'''
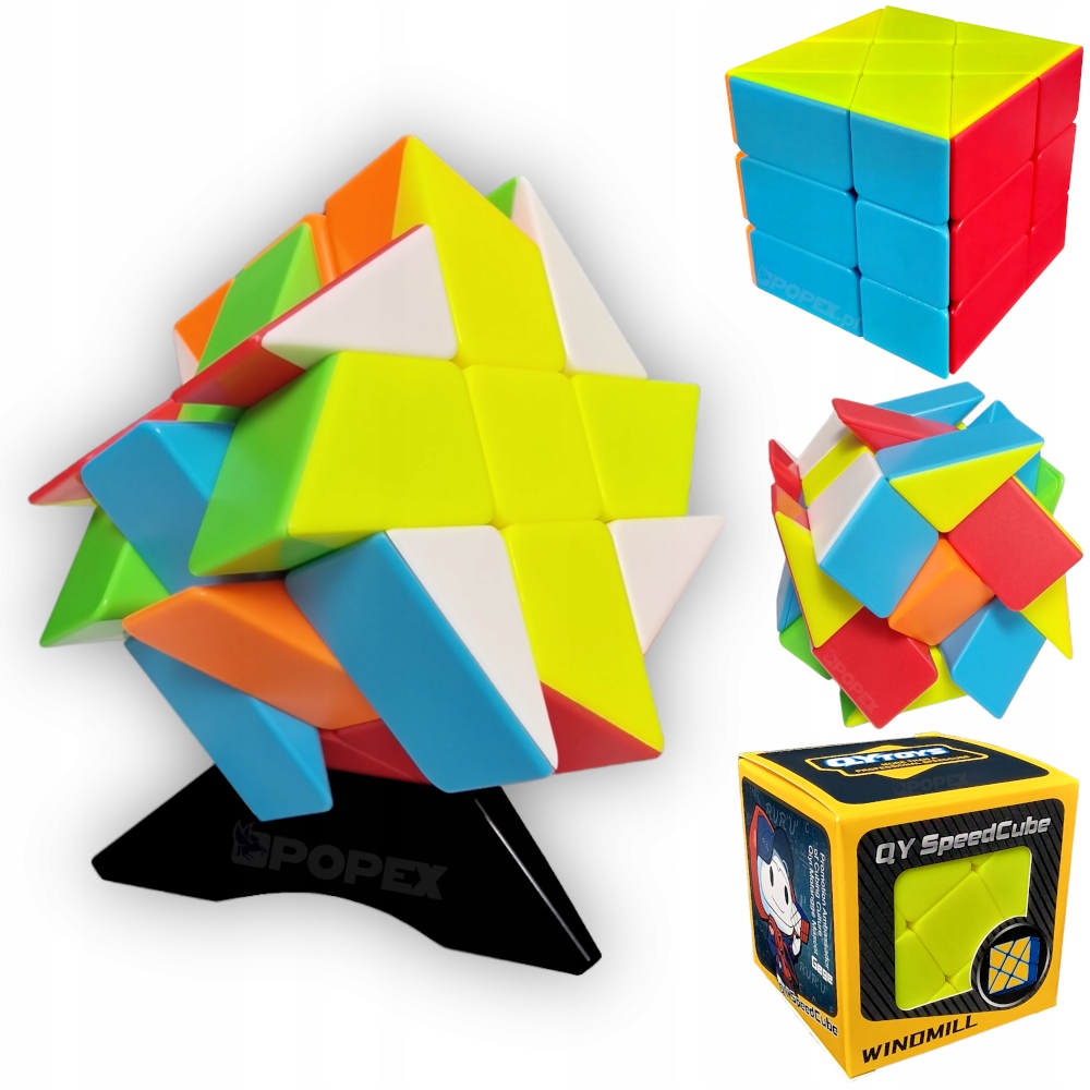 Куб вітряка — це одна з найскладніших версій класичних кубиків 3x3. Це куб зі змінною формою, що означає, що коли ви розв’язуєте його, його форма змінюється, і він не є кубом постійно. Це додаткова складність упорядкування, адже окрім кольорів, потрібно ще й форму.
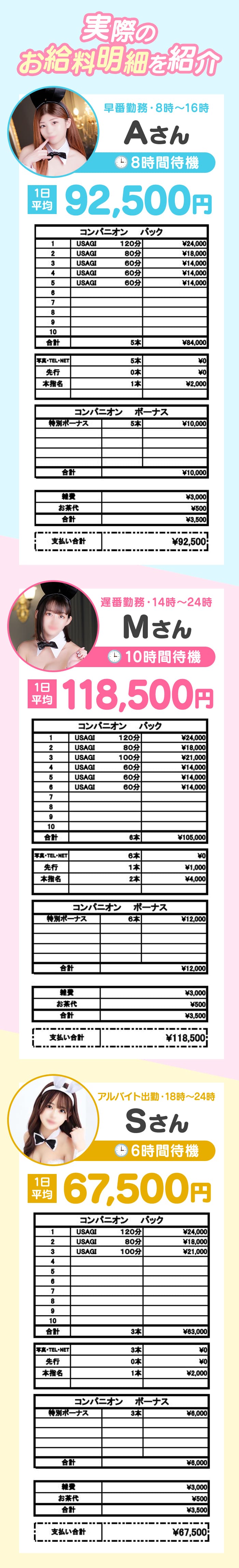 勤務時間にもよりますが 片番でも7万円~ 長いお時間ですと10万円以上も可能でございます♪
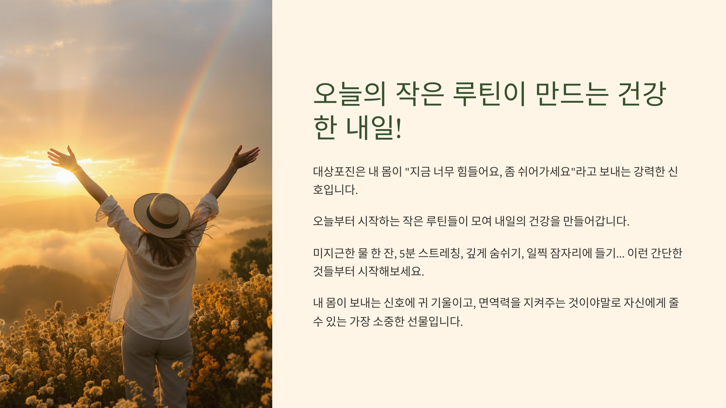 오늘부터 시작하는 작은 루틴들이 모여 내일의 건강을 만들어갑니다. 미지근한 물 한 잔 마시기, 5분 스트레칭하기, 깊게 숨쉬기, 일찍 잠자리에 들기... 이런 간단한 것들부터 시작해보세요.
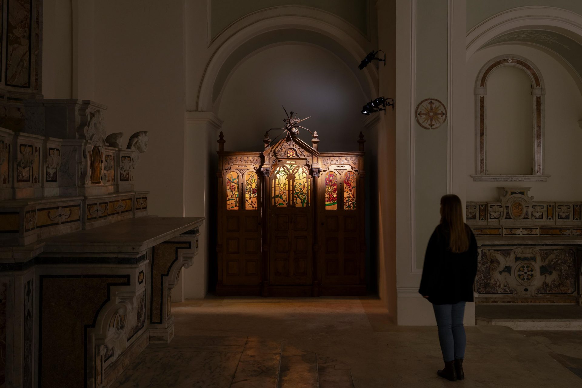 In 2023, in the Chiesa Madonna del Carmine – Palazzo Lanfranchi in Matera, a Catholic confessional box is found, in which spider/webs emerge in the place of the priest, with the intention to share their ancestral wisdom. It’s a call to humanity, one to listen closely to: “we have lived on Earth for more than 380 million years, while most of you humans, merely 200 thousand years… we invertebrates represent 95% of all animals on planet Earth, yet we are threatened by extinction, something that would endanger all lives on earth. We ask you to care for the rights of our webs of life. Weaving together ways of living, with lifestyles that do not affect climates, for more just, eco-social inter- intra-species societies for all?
'''
'''
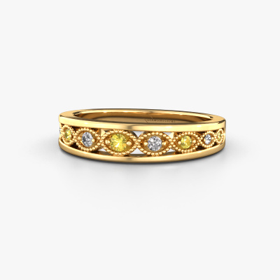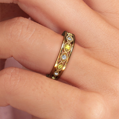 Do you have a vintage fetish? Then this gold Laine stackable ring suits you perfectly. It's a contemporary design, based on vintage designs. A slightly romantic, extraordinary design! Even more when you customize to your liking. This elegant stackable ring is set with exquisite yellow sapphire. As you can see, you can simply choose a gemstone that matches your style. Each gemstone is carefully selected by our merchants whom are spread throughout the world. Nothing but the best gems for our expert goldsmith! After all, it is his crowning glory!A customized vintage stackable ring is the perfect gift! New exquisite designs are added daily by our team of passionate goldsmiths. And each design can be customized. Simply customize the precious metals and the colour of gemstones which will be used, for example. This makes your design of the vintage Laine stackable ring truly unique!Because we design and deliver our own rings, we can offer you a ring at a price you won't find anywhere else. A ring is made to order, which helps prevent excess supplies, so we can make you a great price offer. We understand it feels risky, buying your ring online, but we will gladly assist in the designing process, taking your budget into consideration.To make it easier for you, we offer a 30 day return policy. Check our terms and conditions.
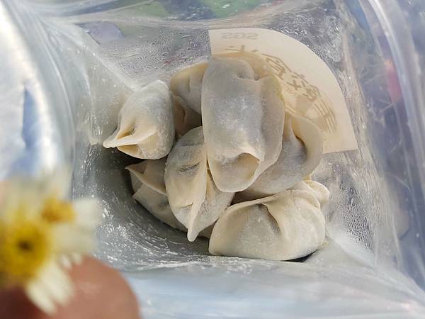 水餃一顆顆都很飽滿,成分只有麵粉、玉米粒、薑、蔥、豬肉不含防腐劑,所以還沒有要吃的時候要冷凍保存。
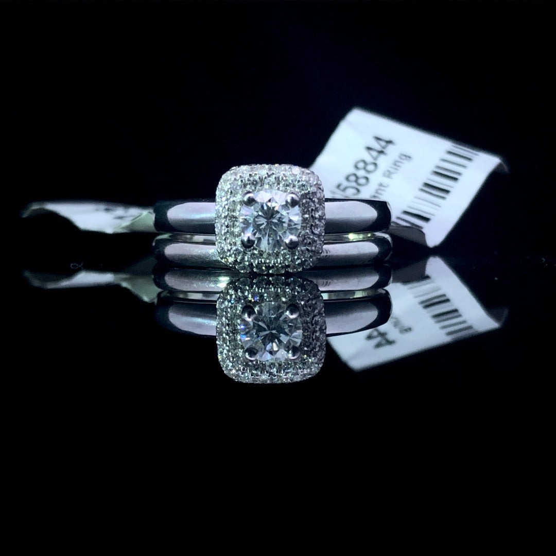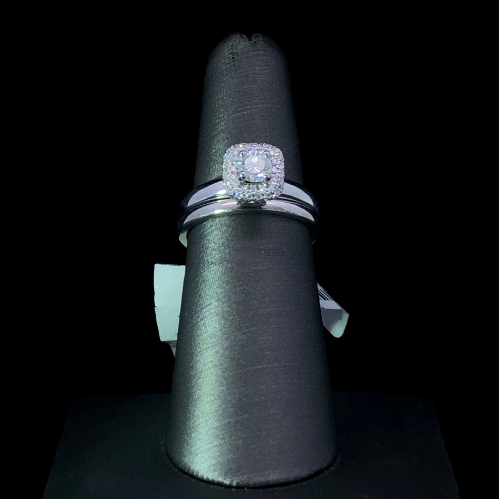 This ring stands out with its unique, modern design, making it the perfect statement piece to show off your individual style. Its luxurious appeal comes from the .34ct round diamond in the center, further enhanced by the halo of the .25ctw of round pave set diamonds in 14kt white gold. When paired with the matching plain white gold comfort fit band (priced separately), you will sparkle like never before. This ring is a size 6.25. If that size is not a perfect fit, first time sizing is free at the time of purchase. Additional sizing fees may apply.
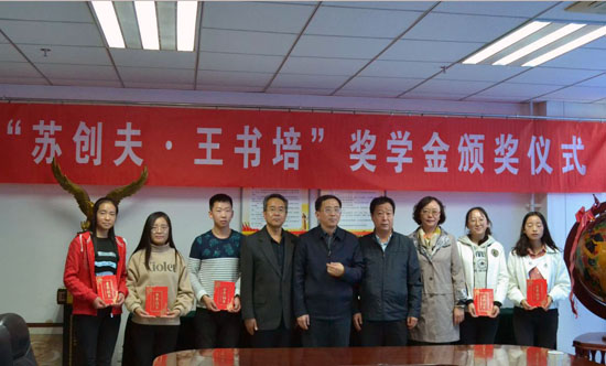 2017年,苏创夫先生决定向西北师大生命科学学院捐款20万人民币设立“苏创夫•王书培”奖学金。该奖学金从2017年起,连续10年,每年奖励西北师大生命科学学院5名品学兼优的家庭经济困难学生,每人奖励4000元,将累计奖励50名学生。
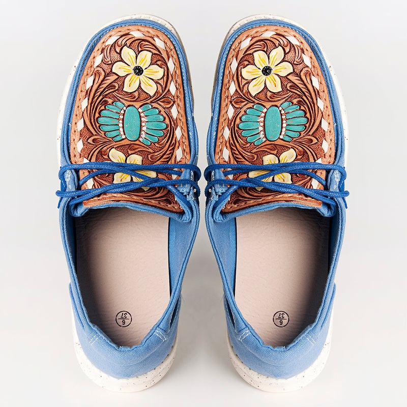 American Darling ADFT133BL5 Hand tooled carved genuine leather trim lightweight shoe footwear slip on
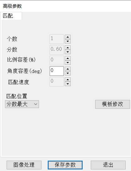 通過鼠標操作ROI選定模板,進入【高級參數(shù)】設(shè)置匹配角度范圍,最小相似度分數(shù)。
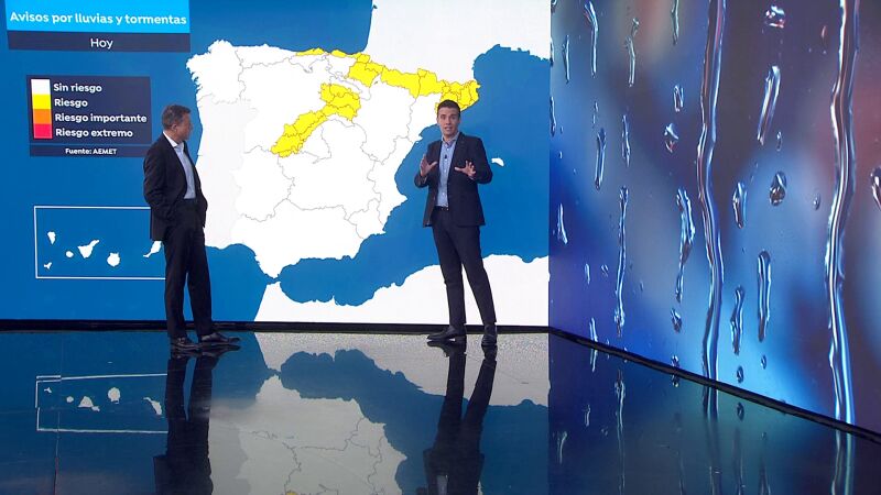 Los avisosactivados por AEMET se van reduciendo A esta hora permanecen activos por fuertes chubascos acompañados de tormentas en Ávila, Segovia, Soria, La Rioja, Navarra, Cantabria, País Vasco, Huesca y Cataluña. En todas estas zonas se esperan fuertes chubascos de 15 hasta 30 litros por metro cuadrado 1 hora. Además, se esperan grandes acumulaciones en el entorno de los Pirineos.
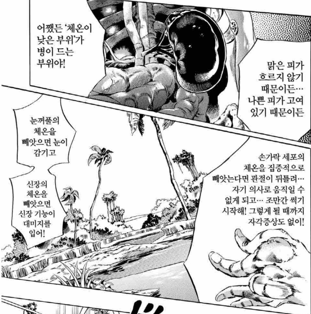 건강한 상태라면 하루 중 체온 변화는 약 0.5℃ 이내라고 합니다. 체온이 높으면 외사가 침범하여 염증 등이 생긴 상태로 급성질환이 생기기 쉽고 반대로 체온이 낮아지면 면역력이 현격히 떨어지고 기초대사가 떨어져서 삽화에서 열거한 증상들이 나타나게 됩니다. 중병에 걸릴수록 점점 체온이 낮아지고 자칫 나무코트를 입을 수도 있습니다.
'''
▶ **To do**:
Transcribe, exactly and without pictures, everything in the data from the line with "Куб вітряка —" down to the line with "오늘부터 시작하는 작은", both included.

▶ **Exercise answer**:
 Куб вітряка — це одна з найскладніших версій класичних кубиків 3x3. Це куб зі змінною формою, що означає, що коли ви розв’язуєте його, його форма змінюється, і він не є кубом постійно. Це додаткова складність упорядкування, адже окрім кольорів, потрібно ще й форму.
 勤務時間にもよりますが 片番でも7万円~ 長いお時間ですと10万円以上も可能でございます♪
 오늘부터 시작하는 작은 루틴들이 모여 내일의 건강을 만들어갑니다. 미지근한 물 한 잔 마시기, 5분 스트레칭하기, 깊게 숨쉬기, 일찍 잠자리에 들기... 이런 간단한 것들부터 시작해보세요.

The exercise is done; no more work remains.